I was thinking of Whitaker and the years he spent urging the powers that be to care while reading Patsy Peril’s new memoir, Swimming Upstream (O’Brien’s Press). Peril’s book intertwines a moving account of his upbringing in the small Limerick fishing community of Coonagh on the Shannon, with the story of how the pioneering hydroelectric station at Ardnacrusha, built in 1929, has caused the near extinction of salmon on the river.
Within a decade of construction, the power plant supplied 87 per cent of Ireland’s electricity demand, which was an immense achievement for a fledgling, independent state. But as rural electrification was lighting up Ireland, the source of energy was casting a dark shadow over the future of salmon, heralding their disappearance. Ardnacrusha is an ecological catastrophe of historic magnitude that has devastated the Shannon and the life in it. For salmon, Peril notes, “it wreaked absolute havoc ... from the very start”.

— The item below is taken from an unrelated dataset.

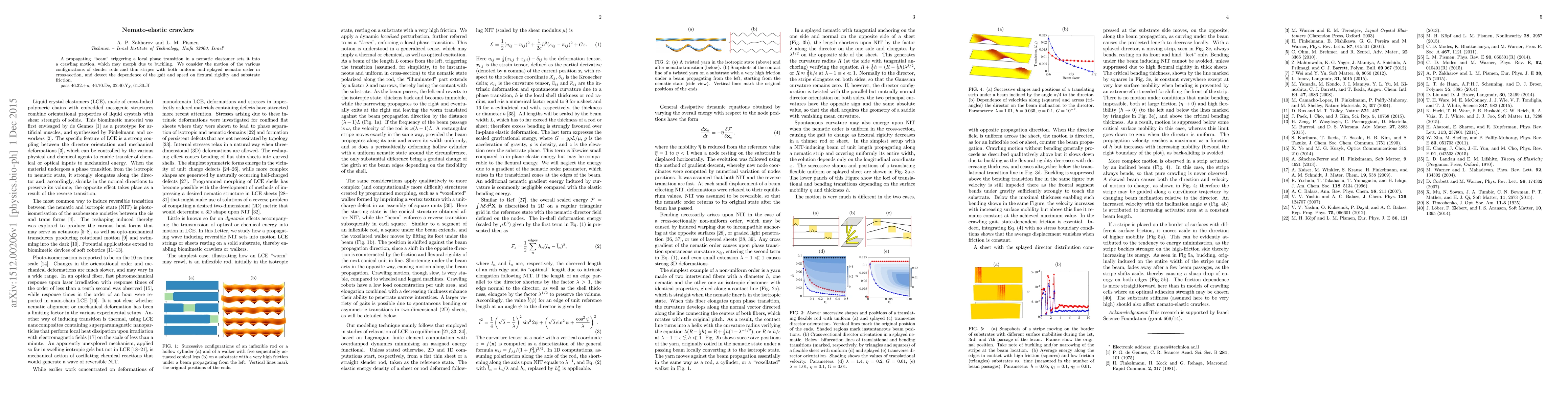 A propagating "beam" triggering a local phase transition in a nematic elastomer sets it into a crawling motion, which may morph due to buckling. We consider the motion of the various configurations of slender rods and thin stripes with both uniform and splayed nematic order in cross-section, and detect the dependence of the gait and speed on flexural rigidity and substrate friction.

Peril is now in his 80s and his book is his last-hope attempt at imploring us to rescue the salmon. “Time,” he writes, “is rapidly running out”. “If we continue along our current path, it will not be long before it is gone, and with it, a profound link between us, the natural environment around us and our most remote human ancestors”.
Dealing with the many factors threatening salmon at sea is complex – but not impossible. For the salmon that return to Irish rivers to breed, solutions are within our reach and authority. We can act to ensure their survival and reproduction.

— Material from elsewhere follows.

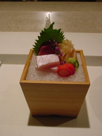 One experiences the true hospitality of the East at Sushi Zen. As you walk in, you are immediately greeted by the hosts and gracefully escorted to their table. We chose to be near the chef at the Sushi Bar and decided to go omasake (putting yourself in the chef’s hands). We were delighted by one surprise after another.

Peril correctly argues all fishing for wild salmon should cease. In 2022, Inland Fisheries Ireland reported the wild salmon population as 171,700, yet that same year they licensed catching of 10,348 salmon. Now the species is red-listed and facing extinction. It’s inexplicable that the Irish authorities continue to sanction their demise.
Peril’s greatest hope for altering the salmon’s bleak trajectory in Ireland is to decommission Ardnacrusha. Today, up to 90 per cent of the flow of the river Shannon is diverted to the power station, all to produce about 2 per cent of Ireland’s electricity. It comes at a time when the future of clean energy for the ESB is in wind and solar, not hydropower. For Peril, the same vision that led to the building of this iconic power station, one of the State’s greatest public triumphs, needs now to be harnessed differently to benefit nature. As long as Ardnacrusha is in operation, the Shannon and its salmon will never recover.

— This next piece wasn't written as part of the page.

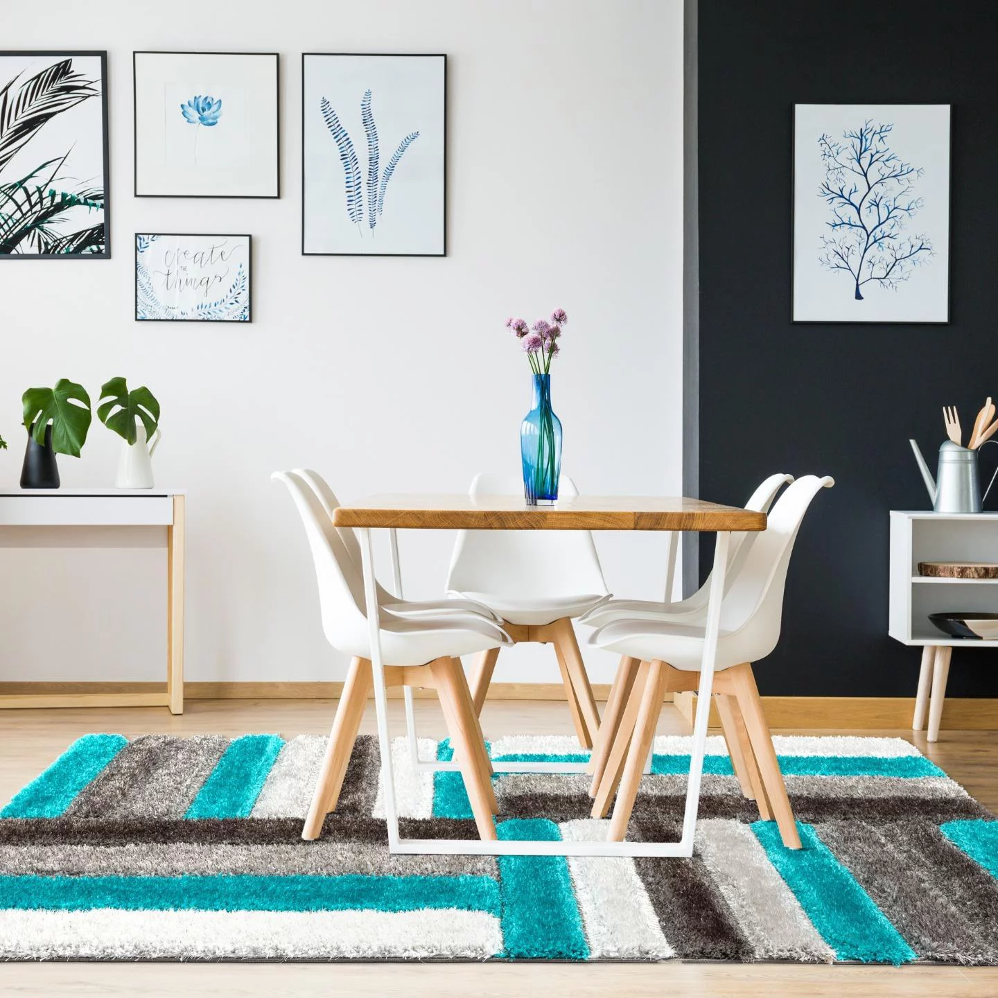 Luxe Weavers Shag Plush Geometric Turquoise 8x10 Area Rug, Indoor Carpet

[ Wild salmon are an Irish icon. Now they’re almost goneOpens in new window ]
When I met Whitaker, he predicted that salmon stocks would virtually disappear within a decade or so. Climate change has hastened the emergency; Whitaker’s beloved river Boyne is now heating up to a degree beyond which it may be impossible for the remaining salmon to survive.
And yet, all is not lost. Focusing on wild salmon makes sense; what’s good for salmon is good for the health of habitats and many other species. We need a radical vision in line with what Whitaker did for our economy and what politicians such as Dr Noël Browne and Donogh O’Malley achieved for our health service and education system; in short, we need courage and leadership – a Whitaker plan for nature, fit for the 21st century.